Thanks to his feedback, over 100 improvements were made for the manned Shenzhou VI and Shenzhou VII flights. He also played an important role in the planning of later spaceflights.
As China's first person in space, Yang was honored at home and abroad. He received the title of "Space Hero" from the former chairman of the Central Military Commission Jiang Zemin. Russia awarded him the Gagarin medal. The Chinese University of Hong Kong conferred an honorary doctorate. And an asteroid was named after him.
Regarding the awards, Yang wrote a note of encouragement on his son's desk: "For you, the honors come from dad; for dad, the honors come from the army and the country."
Yang says, having spoken to his international counterparts, that Chinese astronauts shoulder a stronger sense of honor and mission, and are more inured to hardships.
For example, he says, of the first batch of 14 astronauts, all of them qualified to go into space.

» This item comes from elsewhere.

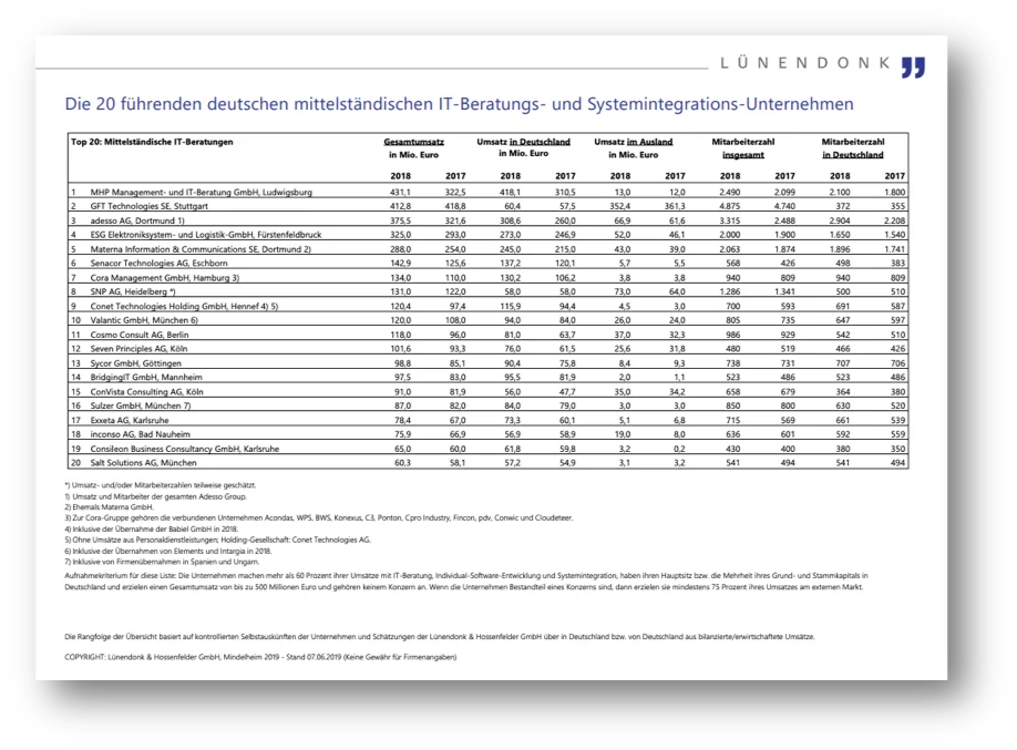 Die Lünendonk-Liste der 20 führenden deutschen mittelständischen IT-Beratungs- und Systemintegrationsunternehmen ist erschienen. Gerankt werden die größten Anbieter von IT-Beratungsleistungen mit einem Gesamtumsatz bis zu 500 Mio. Euro. Eine Top-Platzierung ist dabei auch für valantic sicher.

This compares with the international average of a 40 percent dropout rate.
"The missions we undertake are perhaps less complex," he adds, "although they are all ground-breaking."
Yang says China is currently advancing its manned space program in three steps: First, send astronauts into space and ensure their safe return; second, develop a space laboratory; third, establish a permanent manned space station.
China plans to launch two unmanned space capsules in 2011, Tiangong 1 and Shenzhou 8, which are expected to accomplish the country's first space docking.
The manned Shenzhou IX and Shenzhou X spacecrafts are scheduled to be launched in 2012 to dock with Tiangong 1 and Shenzhou 8.
A space laboratory is expected to be developed and launched before 2016. Construction of a manned space station is to be completed around 2020.
Yang says he is still in the prime of life for an astronaut and he dreams of another spaceflight, given the fact that one Russian cosmonaut has carried out six space missions, and an American astronaut made history in 1998 by flying when he was 77 years old.
"I hope my fellow astronauts and I can fly again in a few years," he says. "And I hope I don't have to wait until I'm 77 to break the record."